- **Aim of the exercise**
Go to the line with "Way 3. Turn" in the records below, then output it and each following line exactly, up to and including the line with "But Sunday dawned". Skip pictures and add nothing.

- **Input data**
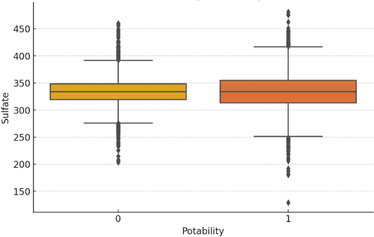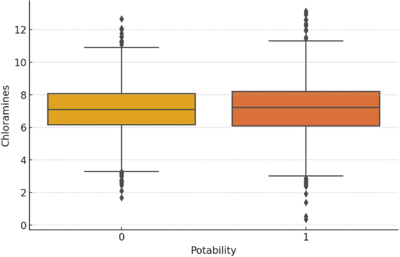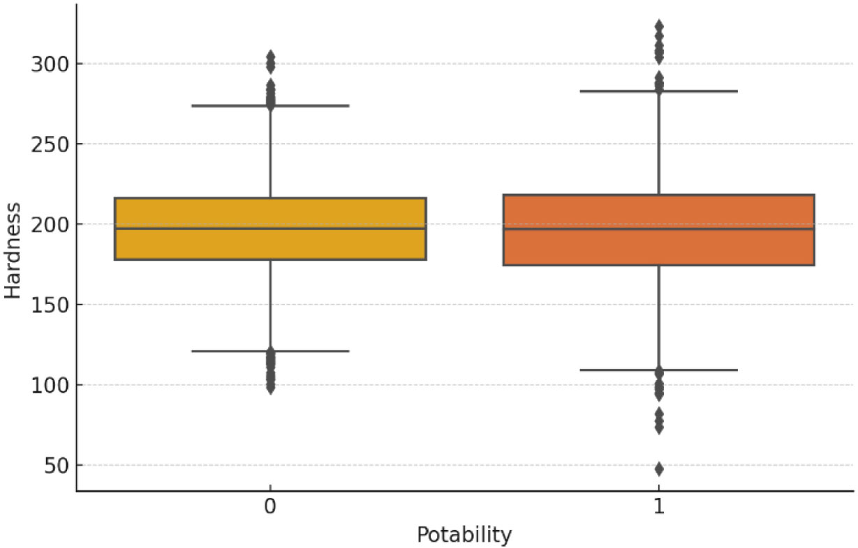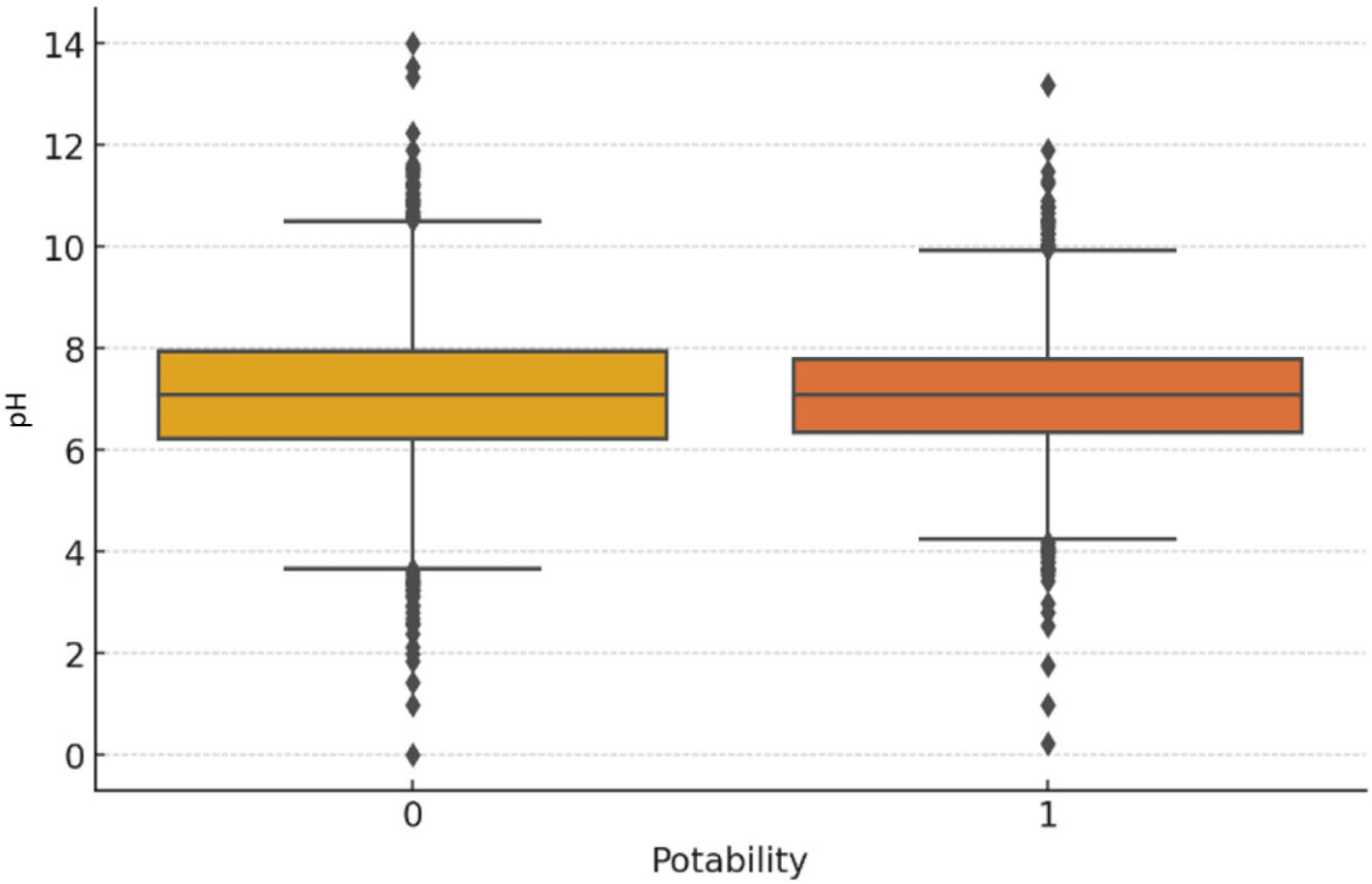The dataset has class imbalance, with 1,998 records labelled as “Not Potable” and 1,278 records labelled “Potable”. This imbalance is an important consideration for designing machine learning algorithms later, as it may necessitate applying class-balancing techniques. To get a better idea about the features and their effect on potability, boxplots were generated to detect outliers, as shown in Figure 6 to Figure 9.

* * *

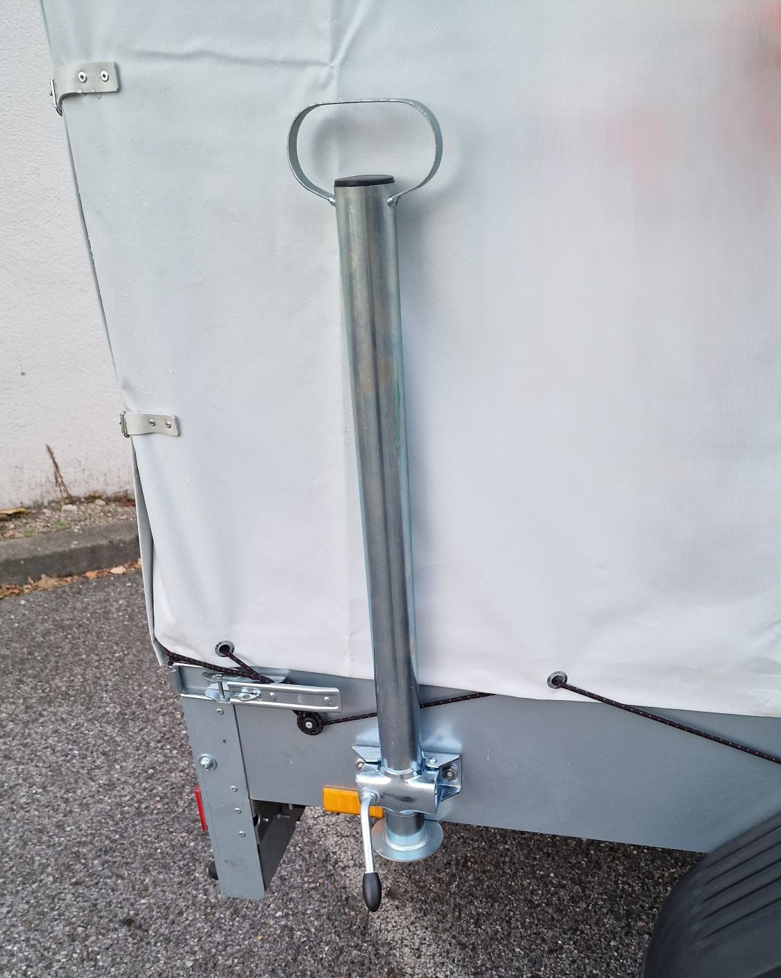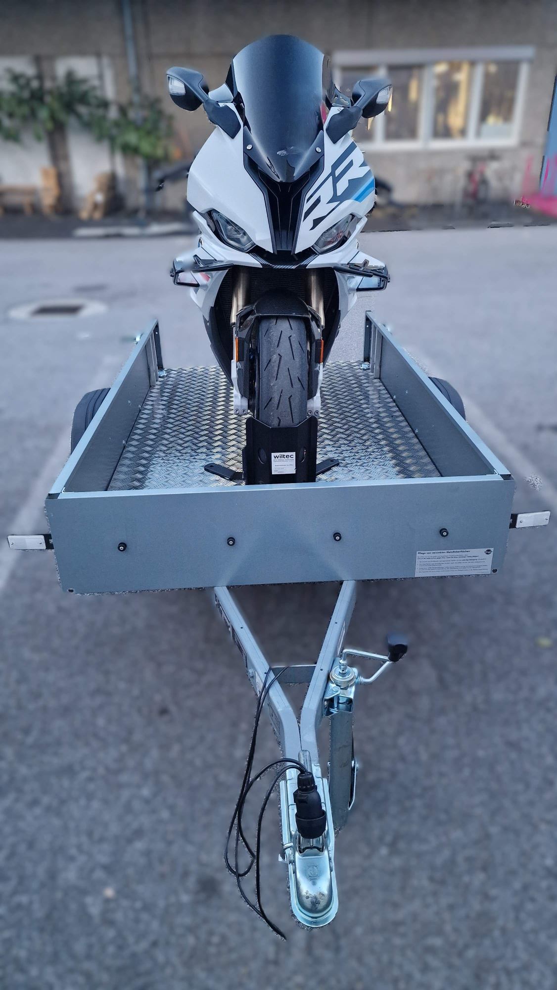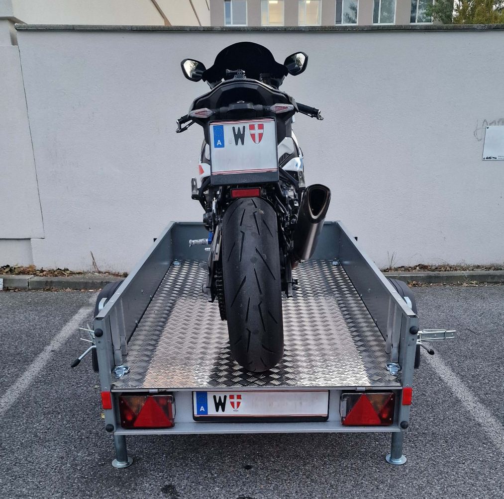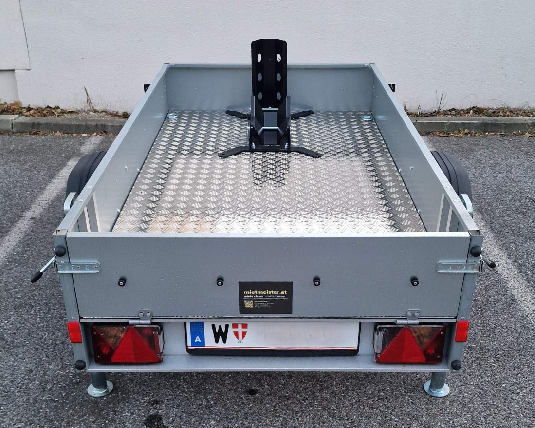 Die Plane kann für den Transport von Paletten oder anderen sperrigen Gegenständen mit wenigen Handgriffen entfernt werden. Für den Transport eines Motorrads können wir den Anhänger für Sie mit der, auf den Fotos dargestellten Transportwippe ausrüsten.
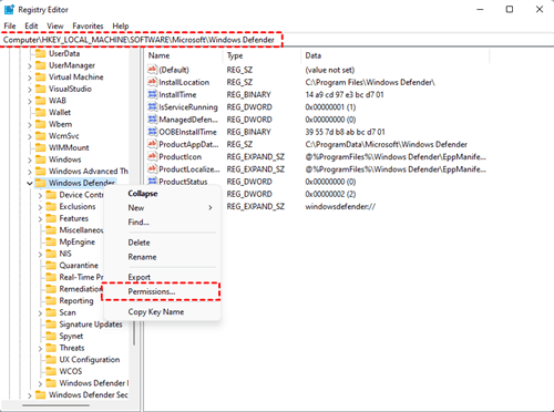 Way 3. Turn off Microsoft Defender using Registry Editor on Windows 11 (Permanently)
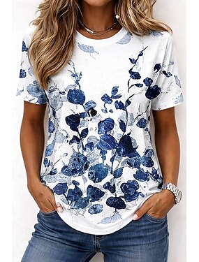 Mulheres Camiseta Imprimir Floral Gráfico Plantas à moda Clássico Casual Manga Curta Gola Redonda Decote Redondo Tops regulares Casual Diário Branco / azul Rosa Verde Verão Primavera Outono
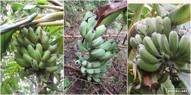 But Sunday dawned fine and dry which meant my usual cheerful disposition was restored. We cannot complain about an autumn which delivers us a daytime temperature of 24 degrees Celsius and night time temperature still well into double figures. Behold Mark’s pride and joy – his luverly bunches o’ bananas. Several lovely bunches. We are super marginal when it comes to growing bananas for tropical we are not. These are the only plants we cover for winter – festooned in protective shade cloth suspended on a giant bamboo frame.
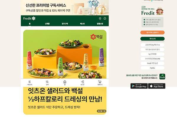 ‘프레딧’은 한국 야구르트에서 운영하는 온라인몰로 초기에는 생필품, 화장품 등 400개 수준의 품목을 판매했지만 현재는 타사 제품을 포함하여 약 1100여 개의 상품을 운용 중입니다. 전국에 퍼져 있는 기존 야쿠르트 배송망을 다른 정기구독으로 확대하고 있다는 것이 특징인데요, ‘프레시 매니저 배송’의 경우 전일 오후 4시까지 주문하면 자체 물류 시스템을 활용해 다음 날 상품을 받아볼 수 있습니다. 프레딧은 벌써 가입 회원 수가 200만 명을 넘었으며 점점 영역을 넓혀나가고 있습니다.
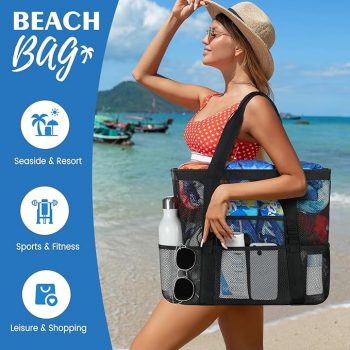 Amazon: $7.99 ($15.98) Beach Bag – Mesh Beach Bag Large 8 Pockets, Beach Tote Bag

- **Task response**
 Way 3. Turn off Microsoft Defender using Registry Editor on Windows 11 (Permanently)
 Mulheres Camiseta Imprimir Floral Gráfico Plantas à moda Clássico Casual Manga Curta Gola Redonda Decote Redondo Tops regulares Casual Diário Branco / azul Rosa Verde Verão Primavera Outono
 But Sunday dawned fine and dry which meant my usual cheerful disposition was restored. We cannot complain about an autumn which delivers us a daytime temperature of 24 degrees Celsius and night time temperature still well into double figures. Behold Mark’s pride and joy – his luverly bunches o’ bananas. Several lovely bunches. We are super marginal when it comes to growing bananas for tropical we are not. These are the only plants we cover for winter – festooned in protective shade cloth suspended on a giant bamboo frame.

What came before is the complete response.